Collection entries
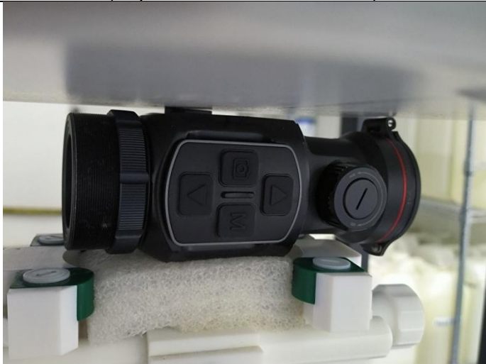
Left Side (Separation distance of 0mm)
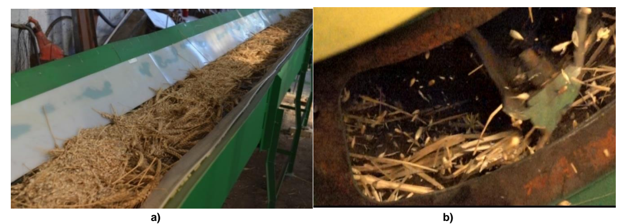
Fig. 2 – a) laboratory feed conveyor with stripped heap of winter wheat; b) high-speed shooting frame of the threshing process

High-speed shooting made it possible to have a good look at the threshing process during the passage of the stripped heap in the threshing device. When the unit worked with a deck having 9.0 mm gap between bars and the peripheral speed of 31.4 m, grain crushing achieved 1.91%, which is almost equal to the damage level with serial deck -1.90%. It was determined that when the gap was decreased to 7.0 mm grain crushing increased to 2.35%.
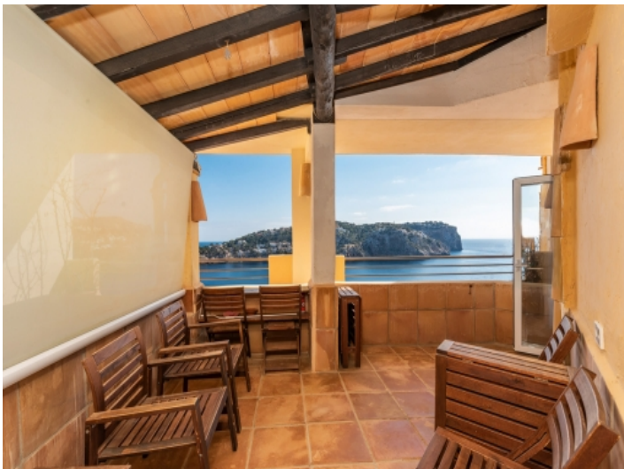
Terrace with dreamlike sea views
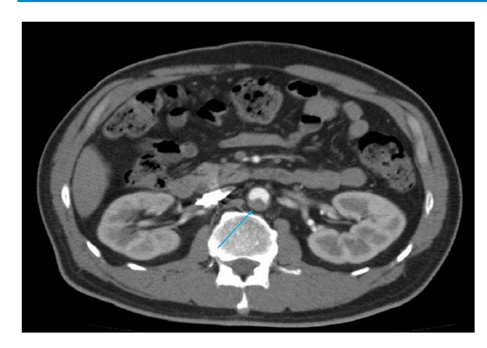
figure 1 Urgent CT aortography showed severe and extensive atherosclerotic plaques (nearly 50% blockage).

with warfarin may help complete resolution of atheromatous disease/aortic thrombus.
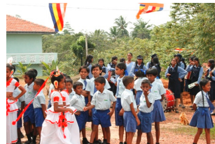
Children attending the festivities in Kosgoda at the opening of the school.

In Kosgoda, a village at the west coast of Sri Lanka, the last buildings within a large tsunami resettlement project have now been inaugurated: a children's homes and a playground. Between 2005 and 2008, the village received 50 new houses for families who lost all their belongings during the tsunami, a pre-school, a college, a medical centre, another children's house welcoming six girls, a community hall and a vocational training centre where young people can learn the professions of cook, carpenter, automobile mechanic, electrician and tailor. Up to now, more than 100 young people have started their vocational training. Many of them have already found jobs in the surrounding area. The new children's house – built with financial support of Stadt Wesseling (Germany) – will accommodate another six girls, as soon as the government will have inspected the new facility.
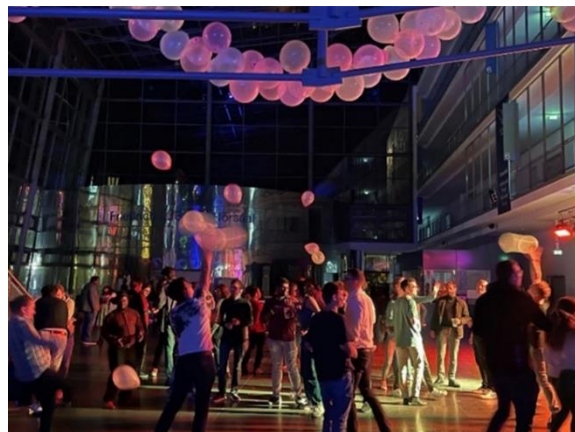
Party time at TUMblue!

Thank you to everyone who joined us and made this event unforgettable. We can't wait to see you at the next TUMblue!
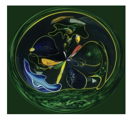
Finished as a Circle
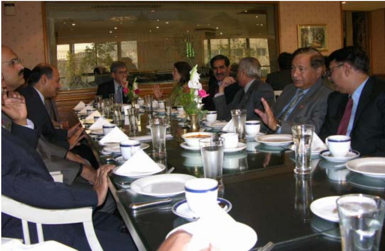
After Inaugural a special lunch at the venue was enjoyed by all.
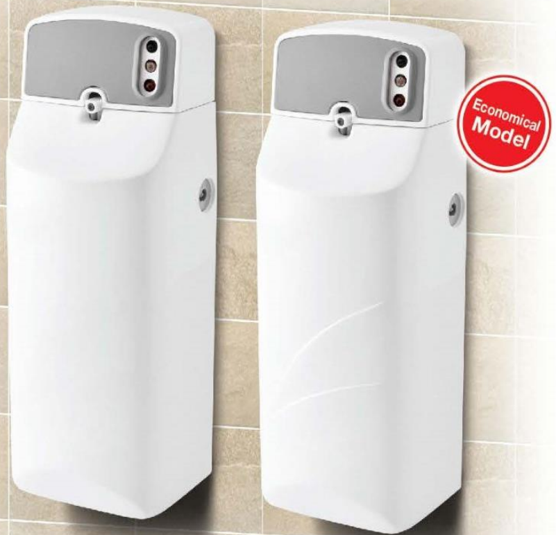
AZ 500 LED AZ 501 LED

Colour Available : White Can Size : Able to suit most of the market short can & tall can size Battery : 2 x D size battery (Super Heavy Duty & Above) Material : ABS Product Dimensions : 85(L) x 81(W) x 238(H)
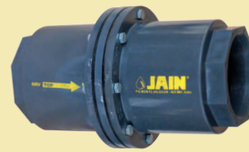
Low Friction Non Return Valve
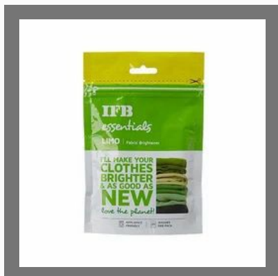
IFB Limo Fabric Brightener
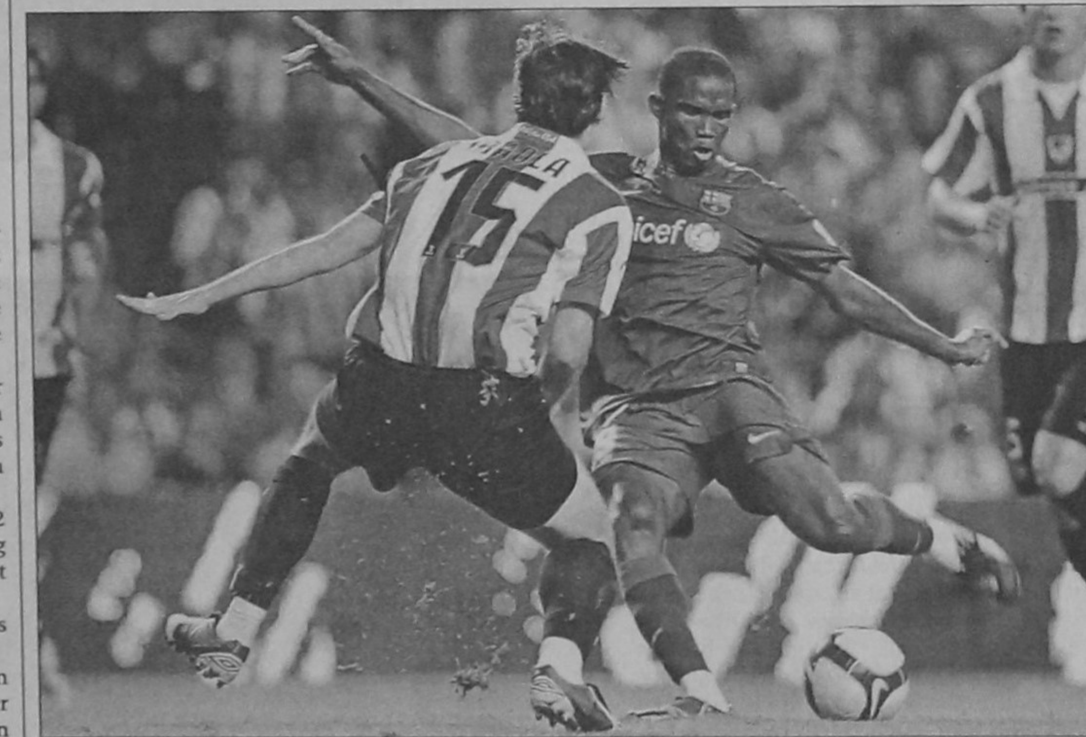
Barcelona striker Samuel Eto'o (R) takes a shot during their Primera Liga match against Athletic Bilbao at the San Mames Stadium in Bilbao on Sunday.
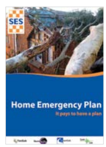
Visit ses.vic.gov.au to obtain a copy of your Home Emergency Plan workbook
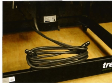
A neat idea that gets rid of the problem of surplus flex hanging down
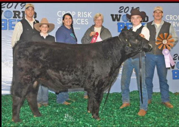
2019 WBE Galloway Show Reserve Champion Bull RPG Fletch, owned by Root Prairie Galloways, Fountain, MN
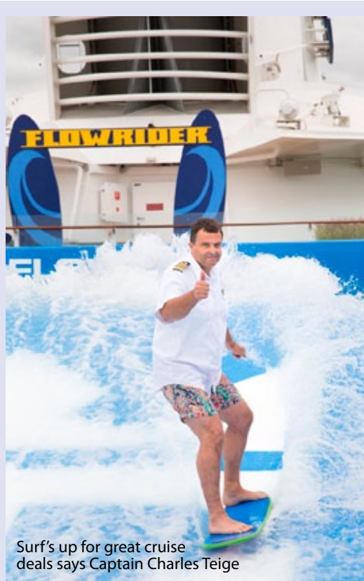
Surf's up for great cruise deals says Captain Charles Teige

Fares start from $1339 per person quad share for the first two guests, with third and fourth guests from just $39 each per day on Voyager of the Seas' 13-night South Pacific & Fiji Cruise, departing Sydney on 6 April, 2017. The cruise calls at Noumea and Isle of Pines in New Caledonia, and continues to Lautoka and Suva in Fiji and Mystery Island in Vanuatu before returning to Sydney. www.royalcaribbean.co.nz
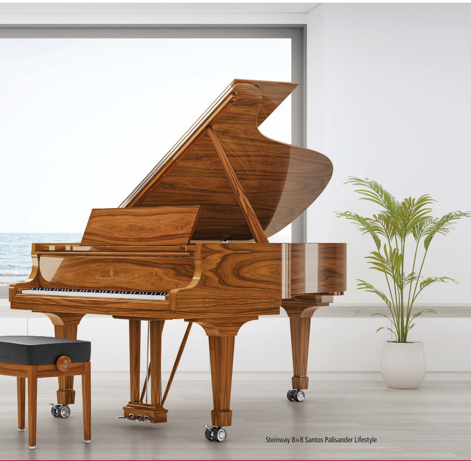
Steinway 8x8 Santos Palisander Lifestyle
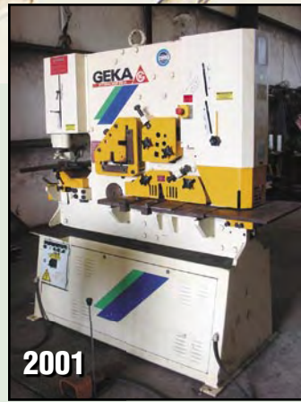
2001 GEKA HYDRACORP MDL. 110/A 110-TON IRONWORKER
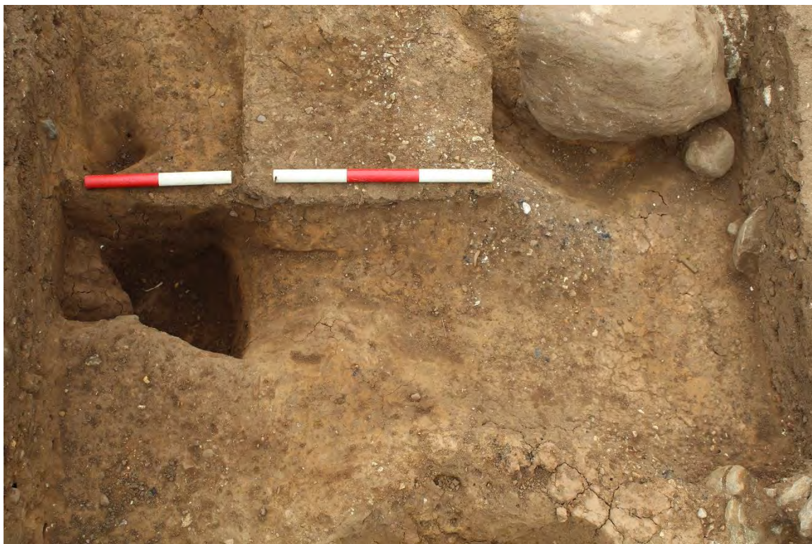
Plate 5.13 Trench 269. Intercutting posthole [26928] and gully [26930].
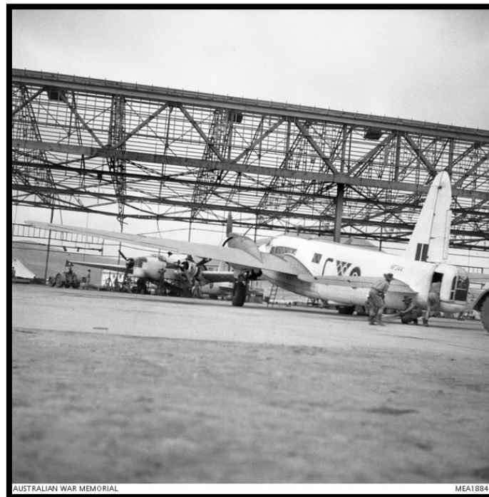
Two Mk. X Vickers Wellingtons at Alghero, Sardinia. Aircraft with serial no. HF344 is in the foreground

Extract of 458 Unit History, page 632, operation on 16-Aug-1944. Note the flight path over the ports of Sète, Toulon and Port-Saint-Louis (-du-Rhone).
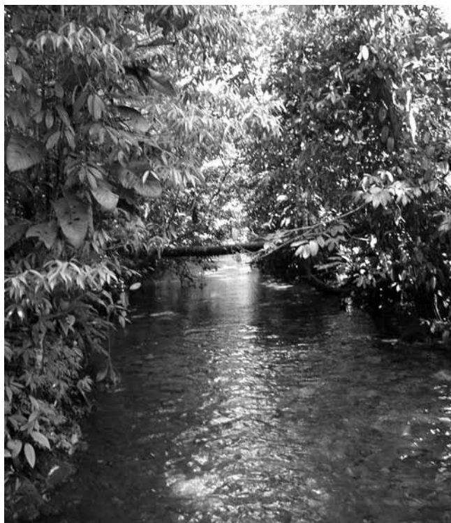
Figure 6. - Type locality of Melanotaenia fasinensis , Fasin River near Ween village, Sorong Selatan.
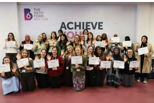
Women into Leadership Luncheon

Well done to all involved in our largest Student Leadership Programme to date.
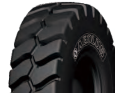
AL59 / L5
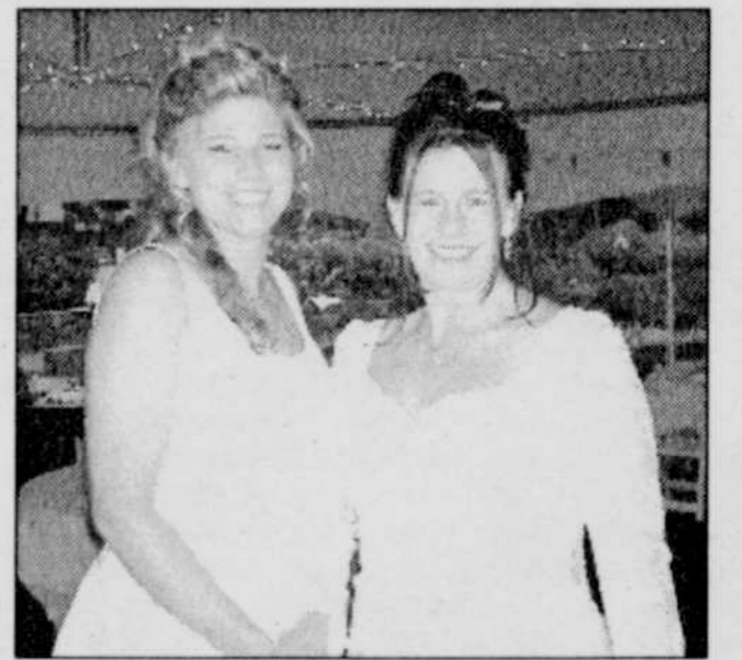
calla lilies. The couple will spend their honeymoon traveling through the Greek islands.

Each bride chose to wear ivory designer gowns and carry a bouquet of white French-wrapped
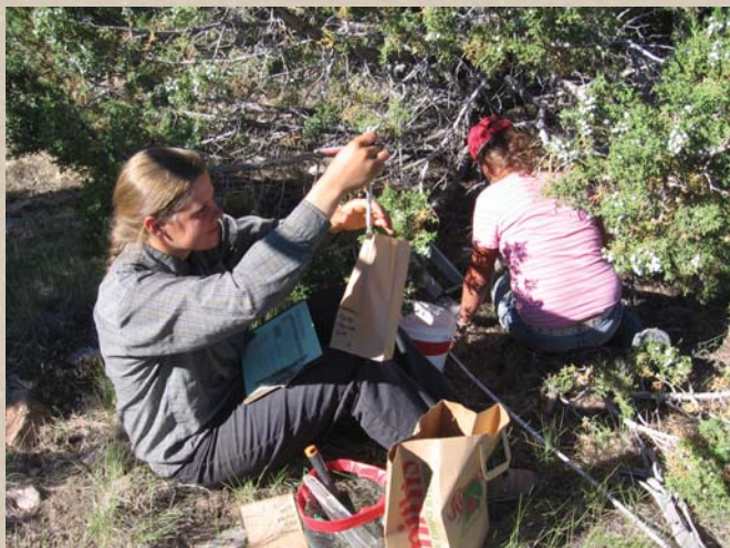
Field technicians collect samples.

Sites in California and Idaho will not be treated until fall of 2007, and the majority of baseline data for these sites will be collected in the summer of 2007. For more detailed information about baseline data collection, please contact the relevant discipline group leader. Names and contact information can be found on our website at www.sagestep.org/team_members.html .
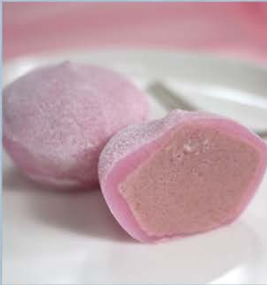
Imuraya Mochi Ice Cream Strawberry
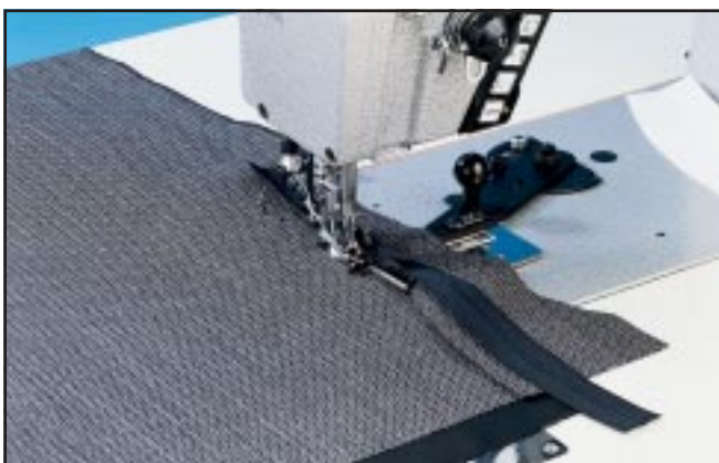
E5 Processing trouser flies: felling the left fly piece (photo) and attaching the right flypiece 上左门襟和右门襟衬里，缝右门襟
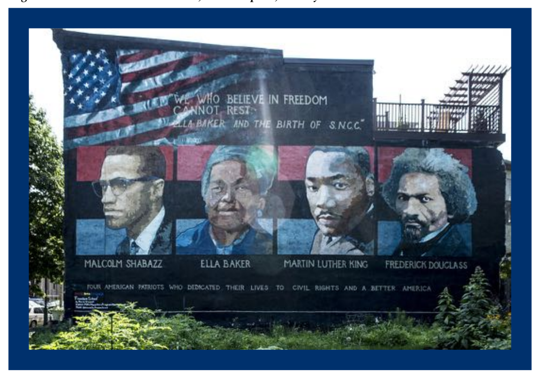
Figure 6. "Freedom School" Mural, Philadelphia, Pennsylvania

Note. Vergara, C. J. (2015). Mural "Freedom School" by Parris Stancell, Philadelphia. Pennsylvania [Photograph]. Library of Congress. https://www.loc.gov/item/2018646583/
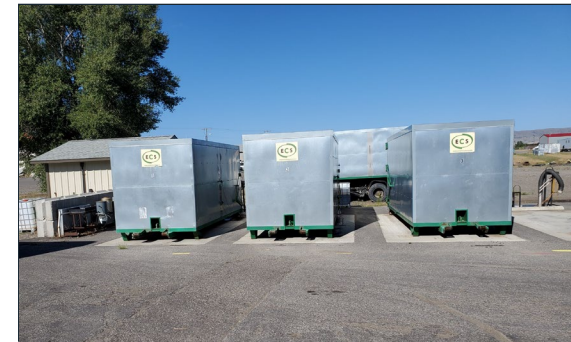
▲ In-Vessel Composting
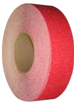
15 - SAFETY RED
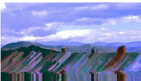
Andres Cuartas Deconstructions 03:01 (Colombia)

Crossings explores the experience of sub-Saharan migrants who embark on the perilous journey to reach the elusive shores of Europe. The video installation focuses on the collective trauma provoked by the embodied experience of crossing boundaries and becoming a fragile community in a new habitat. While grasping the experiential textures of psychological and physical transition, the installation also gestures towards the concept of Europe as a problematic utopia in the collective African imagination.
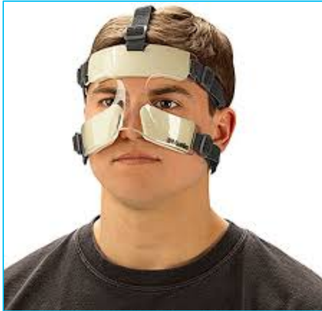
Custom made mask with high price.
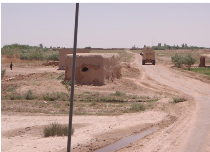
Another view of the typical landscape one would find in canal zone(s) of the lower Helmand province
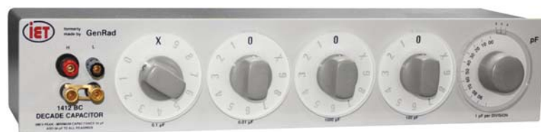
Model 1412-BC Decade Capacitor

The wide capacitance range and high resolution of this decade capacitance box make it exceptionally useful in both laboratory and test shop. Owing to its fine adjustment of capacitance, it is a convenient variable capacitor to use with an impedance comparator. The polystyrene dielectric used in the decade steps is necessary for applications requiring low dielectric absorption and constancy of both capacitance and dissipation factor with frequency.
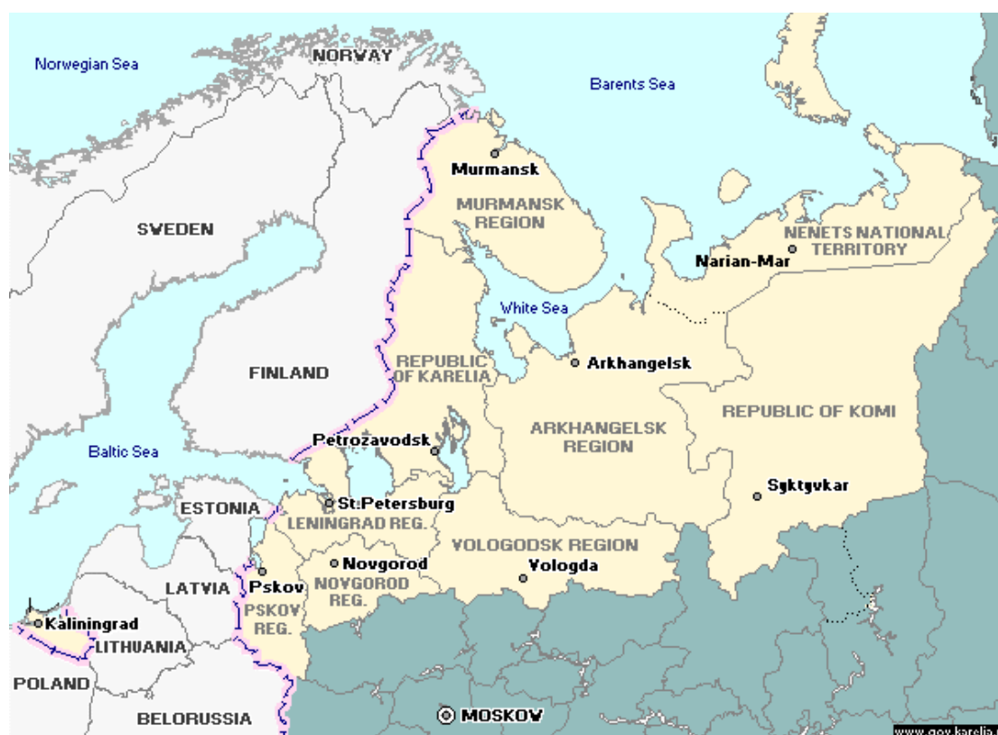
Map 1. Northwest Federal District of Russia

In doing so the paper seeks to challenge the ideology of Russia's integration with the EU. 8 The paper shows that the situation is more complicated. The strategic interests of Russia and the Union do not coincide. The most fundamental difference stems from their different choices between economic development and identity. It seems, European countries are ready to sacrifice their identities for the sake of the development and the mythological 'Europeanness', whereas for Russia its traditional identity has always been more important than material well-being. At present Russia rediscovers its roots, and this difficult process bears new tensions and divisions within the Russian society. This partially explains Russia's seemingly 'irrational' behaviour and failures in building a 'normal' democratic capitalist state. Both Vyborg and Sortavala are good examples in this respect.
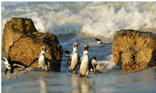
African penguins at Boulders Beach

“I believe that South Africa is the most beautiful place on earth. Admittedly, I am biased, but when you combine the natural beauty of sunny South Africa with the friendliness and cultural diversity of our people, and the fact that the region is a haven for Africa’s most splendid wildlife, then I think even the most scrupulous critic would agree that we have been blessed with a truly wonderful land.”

**TASK PROMPT**
All lines from the beginning of the entries above to the line containing "Children attending the", inclusive, should be printed exactly, apart from the pictures.

**RESPONSE**
Left Side (Separation distance of 0mm)
Fig. 2 – a) laboratory feed conveyor with stripped heap of winter wheat; b) high-speed shooting frame of the threshing process

High-speed shooting made it possible to have a good look at the threshing process during the passage of the stripped heap in the threshing device. When the unit worked with a deck having 9.0 mm gap between bars and the peripheral speed of 31.4 m, grain crushing achieved 1.91%, which is almost equal to the damage level with serial deck -1.90%. It was determined that when the gap was decreased to 7.0 mm grain crushing increased to 2.35%.
Terrace with dreamlike sea views
figure 1 Urgent CT aortography showed severe and extensive atherosclerotic plaques (nearly 50% blockage).

with warfarin may help complete resolution of atheromatous disease/aortic thrombus.
Children attending the festivities in Kosgoda at the opening of the school.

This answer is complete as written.